Traditional building repair in pre-modern Europe matched stone, lime, and timber as closely as possible not to deceive, but to maintain a surface that would continue to age coherently. The repair was subordinated to the ongoing process of the building's life.
What Modernism Got Wrong About Time
Modernism is the first major building tradition in human history that treated time as its enemy.
Every previous tradition built with the expectation that time would proceed and that the building should be designed accordingly. Inca stone-laying, Japanese joinery, medieval masonry, Islamic tile work: materials were chosen for how they weathered, not for how they looked on installation day. The presumption was that the building would outlive the builder and that this was the point.

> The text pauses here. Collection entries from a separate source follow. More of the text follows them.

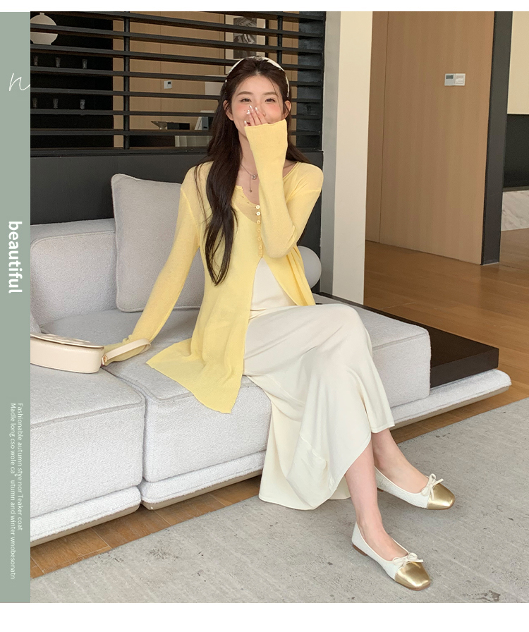 실사 선물 물품 새로운 한국 스타일 레이스 외국 가스 휴가 바람 슬립 드레스 자외선 차단 오픈 가디건 투피스 세트 임산부 세트
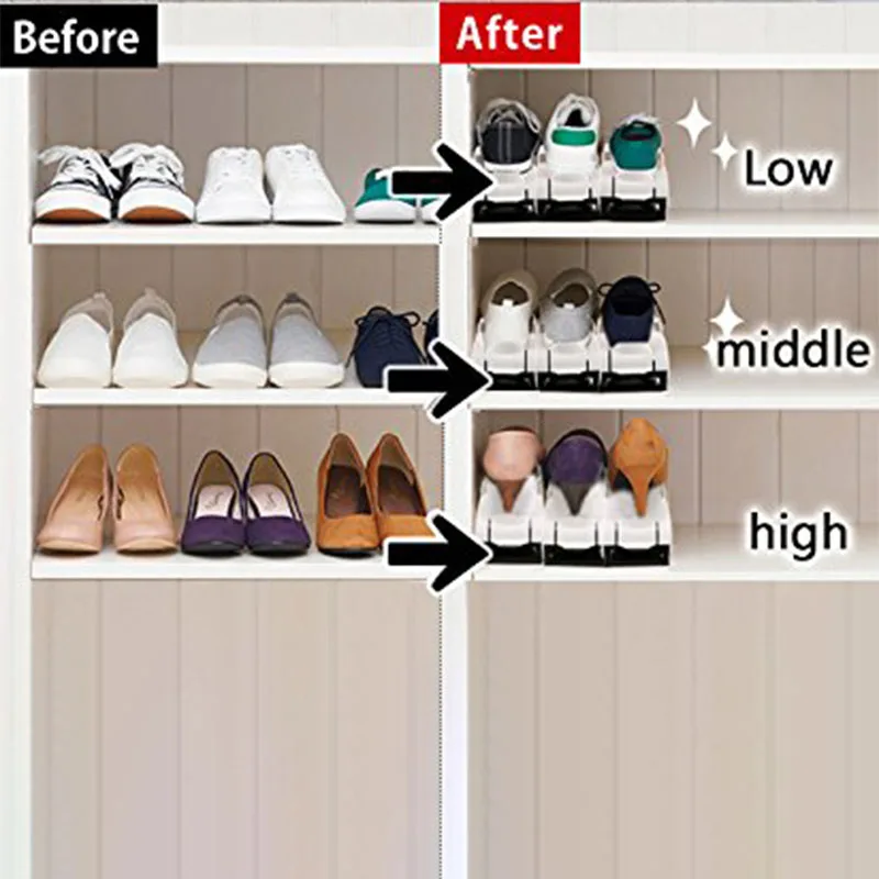 Модернизированная 3-уровневая Регулируемая по высоте стойка для обуви-вы можете регулировать высоту слотов для обуви в соответствии с размером обуви в 3 шага. Может использоваться в различных типах обуви для мужчин и женщин; Для подростков; Для мальчиков и девочек; Для маленьких детей
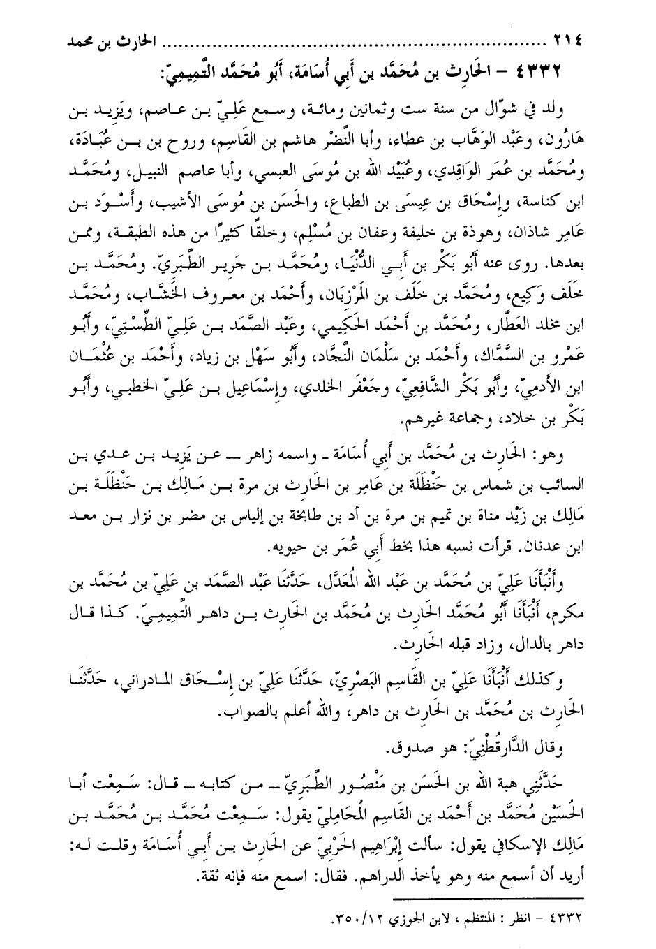 4332- الحارث بْن مُحَمَّد بْن أَبِي أسامة، أَبُو مُحَمَّد التميمي [1] :
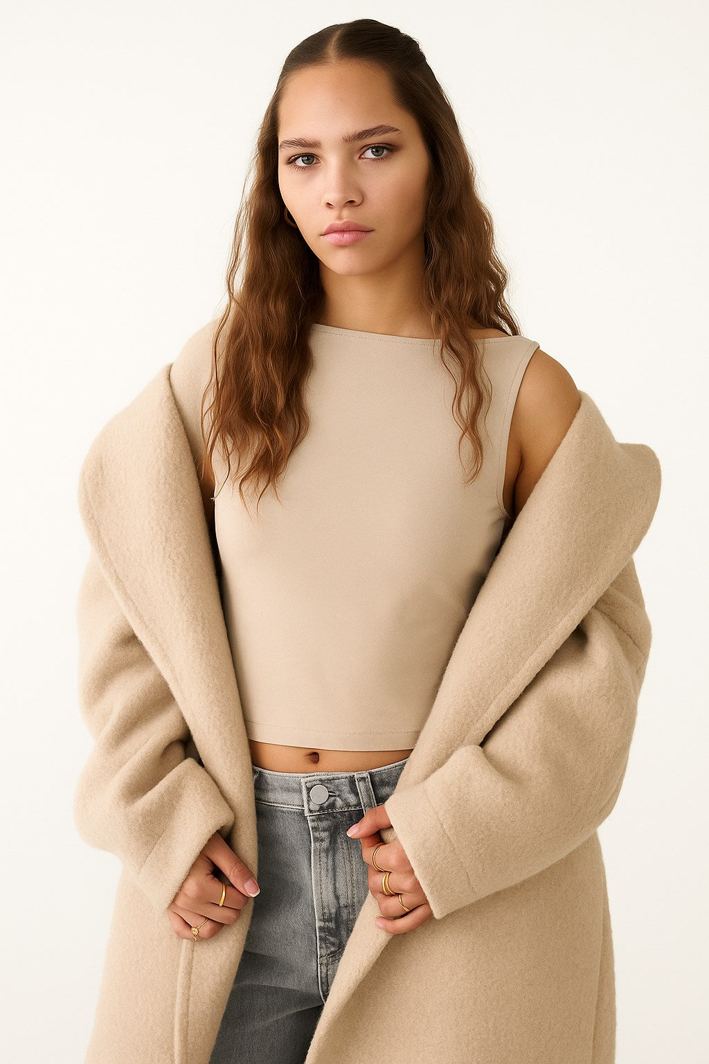 Yuvarlak Yaka Zarif ve Minimal Kolsuz Bej Bluz

The modernist position was different. A building is a designed artifact, and its designed state is its ideal state. Time is degradation. The correct response to aging is replacement.

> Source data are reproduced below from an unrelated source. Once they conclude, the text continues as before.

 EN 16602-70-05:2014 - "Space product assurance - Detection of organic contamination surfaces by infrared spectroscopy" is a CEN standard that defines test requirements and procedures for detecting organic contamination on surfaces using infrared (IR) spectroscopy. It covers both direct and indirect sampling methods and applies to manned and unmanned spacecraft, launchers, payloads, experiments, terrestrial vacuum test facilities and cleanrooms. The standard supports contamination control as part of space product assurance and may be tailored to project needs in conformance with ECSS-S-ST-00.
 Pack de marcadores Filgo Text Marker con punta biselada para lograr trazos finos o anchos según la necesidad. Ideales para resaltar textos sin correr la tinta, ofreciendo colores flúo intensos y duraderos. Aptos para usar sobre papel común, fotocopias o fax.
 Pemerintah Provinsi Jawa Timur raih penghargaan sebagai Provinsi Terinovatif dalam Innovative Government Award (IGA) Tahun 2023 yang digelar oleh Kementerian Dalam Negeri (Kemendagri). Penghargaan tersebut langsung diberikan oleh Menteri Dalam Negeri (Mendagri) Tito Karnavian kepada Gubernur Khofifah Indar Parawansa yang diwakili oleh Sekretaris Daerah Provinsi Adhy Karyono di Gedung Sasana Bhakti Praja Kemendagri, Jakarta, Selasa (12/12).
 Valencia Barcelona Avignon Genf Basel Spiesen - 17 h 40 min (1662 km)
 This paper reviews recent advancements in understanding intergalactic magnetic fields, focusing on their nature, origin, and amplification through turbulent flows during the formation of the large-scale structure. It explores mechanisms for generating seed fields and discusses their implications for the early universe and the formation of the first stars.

Le Corbusier's formulation "A house is a machine for living in" implies the rest. Machines are replaced when they wear out. A machine is not supposed to age into beauty. It is supposed to function and then be superseded.

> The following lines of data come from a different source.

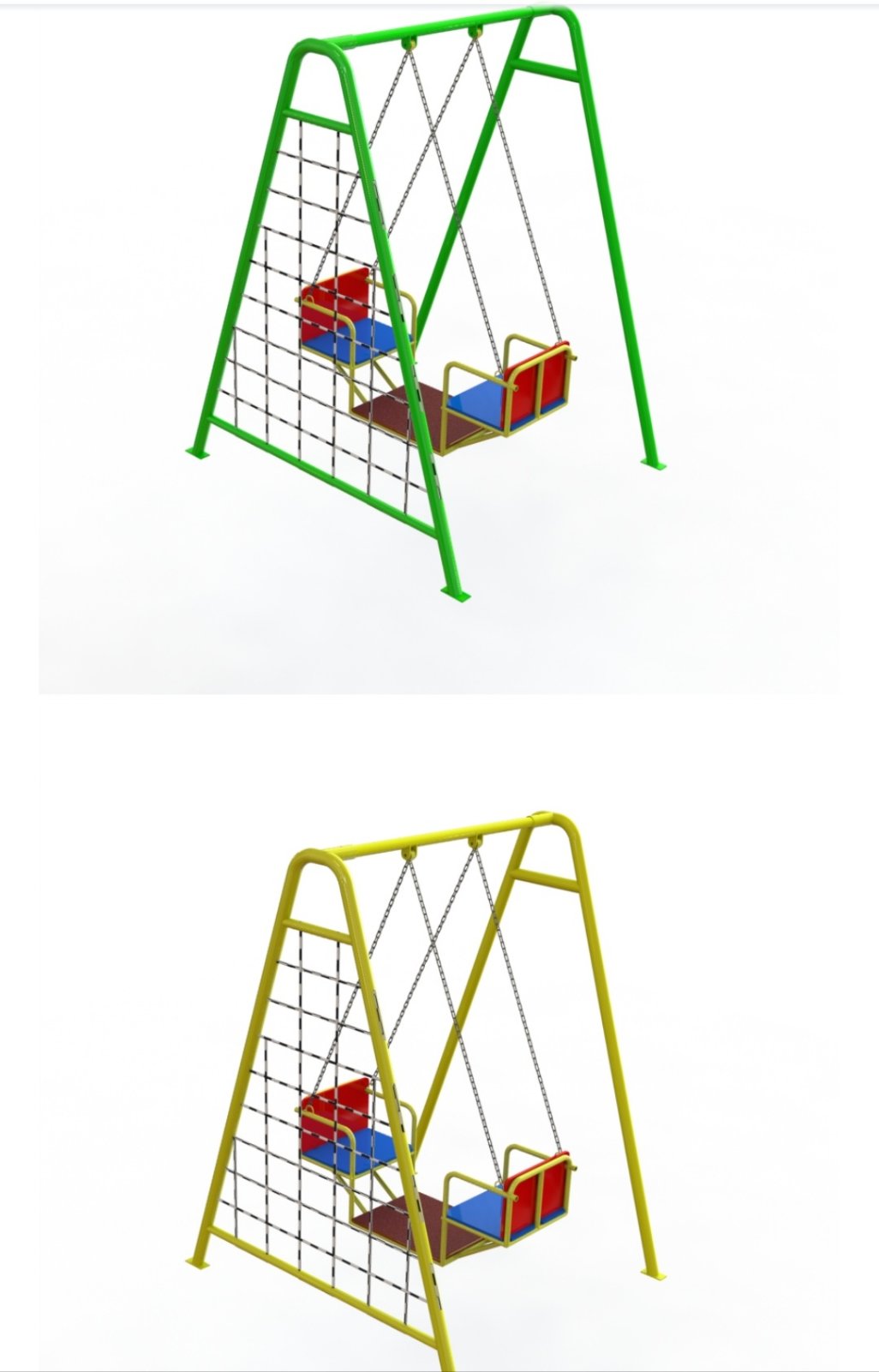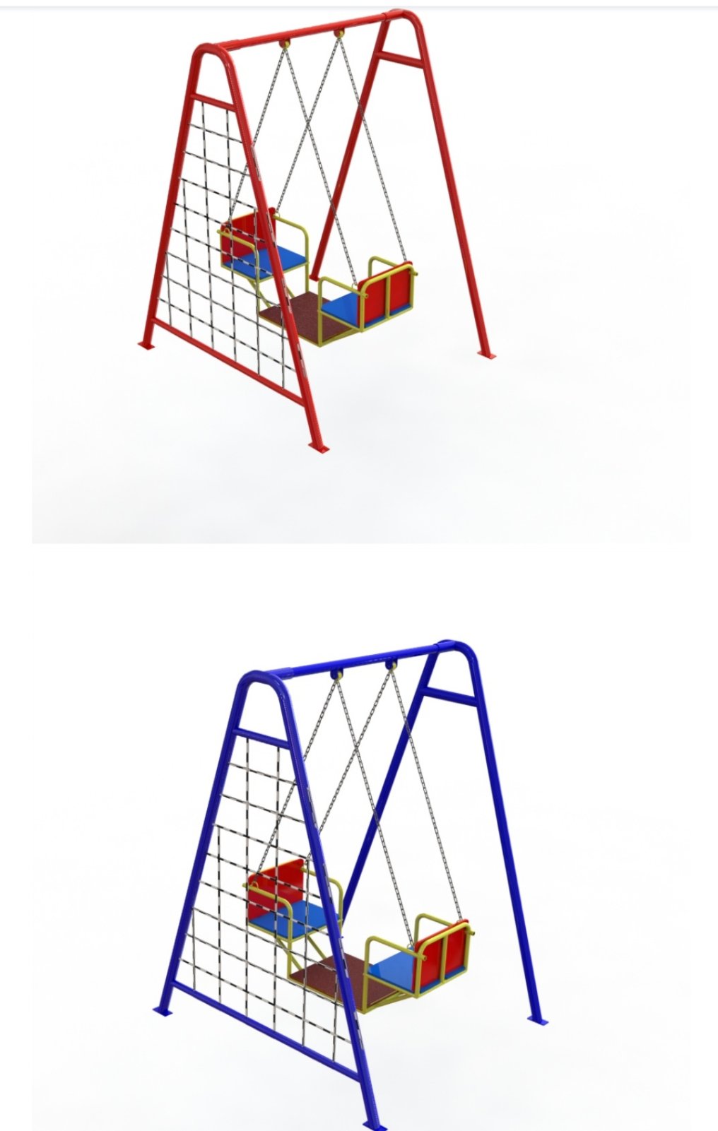 Комплектация: качели на цепях для двух детей, баскетбольное кольцо, гладиаторская сетка, дартс, комплект крепежей для бетонирования.
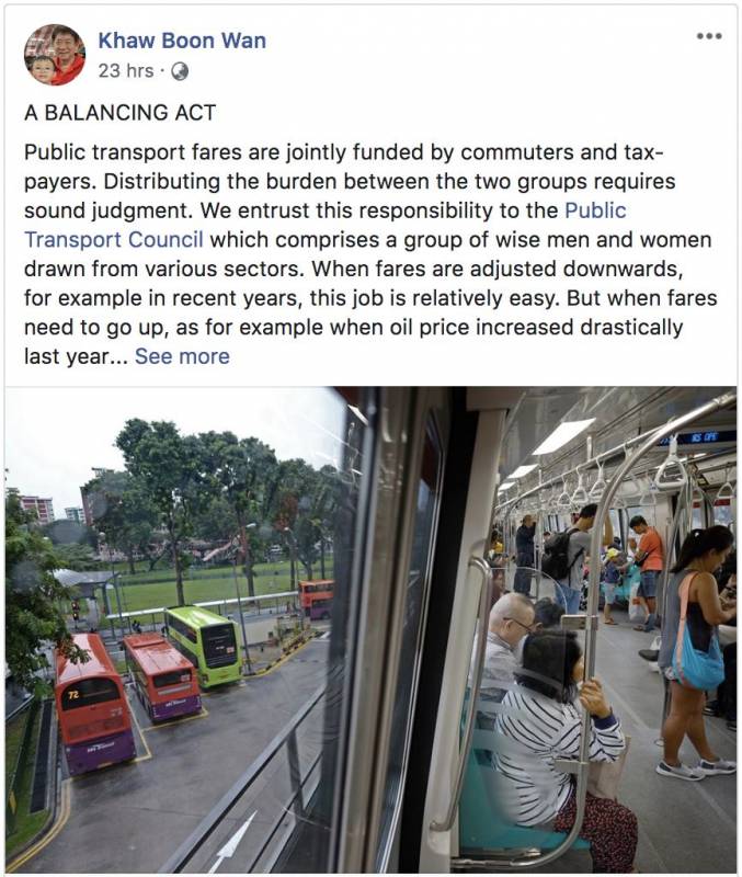 基礎建設統籌部長兼交通部長許文遠在自己的Facebook帖文中寫到,公交車資是由乘客和納稅人共同承擔,如何分配這兩者的負擔需要明智的判斷。
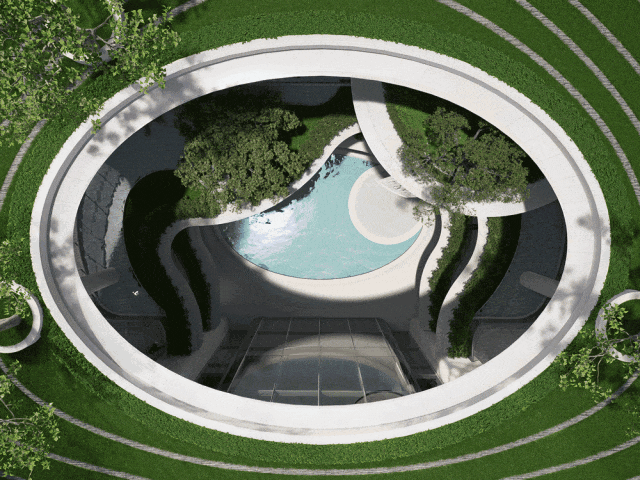 以C2地块为例。地下二层的地库与片区整体地下环路相连,部分停车位向城市开放。市民可经由公共车库、地下多功能厅的路径,或是通过沿街主入口,抵达各共享空间。艺术中心主入口设在沿街面,由8根白色UHPC树形立柱阵列支撑,形成10.5米挑高的视觉引导与标志性空间。

The buildings that resulted from this philosophy are now deteriorating across every major city. The maintenance costs of a glass curtain wall are substantial, and the results are merely neutral. "Maintained" means not visibly broken. The language of building evaluation changed accordingly. A traditional building is described as aged, weathered, patinated. A modernist building is described as maintained or unmaintained. One type participates in time. The other merely delays its effects.
Mono no aware (物の哀れ), the related Japanese concept theorized by Motoori Norinaga in the 18th century from his reading of Murasaki Shikibu's The Tale of Genji, describes a gentle melancholy at the transience of beautiful things. Norinaga argued the entire emotional power of the Genji narrative depended on this: awareness of transience is what makes beautiful things beautiful.
Applied to architecture: a limestone building that shows its age, that has worn into its landscape, that carries the evidence of past occupation, produces something like mono no aware. An awareness of time's passage that is emotionally significant. A curtain wall building, maintained or not, does not produce this. It produces legibility as current or obsolete. That is the entire range.
The Implication
The choice of material is a statement about what time is for.
Limestone says: time will improve me. Lime plaster says: the repairs will become part of my surface. Timber says: the grain will deepen and the marks of use will accumulate and none of this is damage.
Sealed aluminum composite says: I am trying to stop time. The moment the attempt fails, I will look broken.
Both statements come true.
One produces buildings that outlive their builders by centuries and become more beautiful as they do. The other produces buildings that are scheduled for replacement within their design life, whose maintenance cost rises precisely because they were built to resist what they cannot finally resist.
Ruskin understood this in 1849. Sen no Rikyu understood it in the 1580s. They came from opposite ends of the earth, from incompatible intellectual traditions, with no knowledge of each other.
They both looked at what happens to a made thing over time and asked the same question: are you working with that, or against it?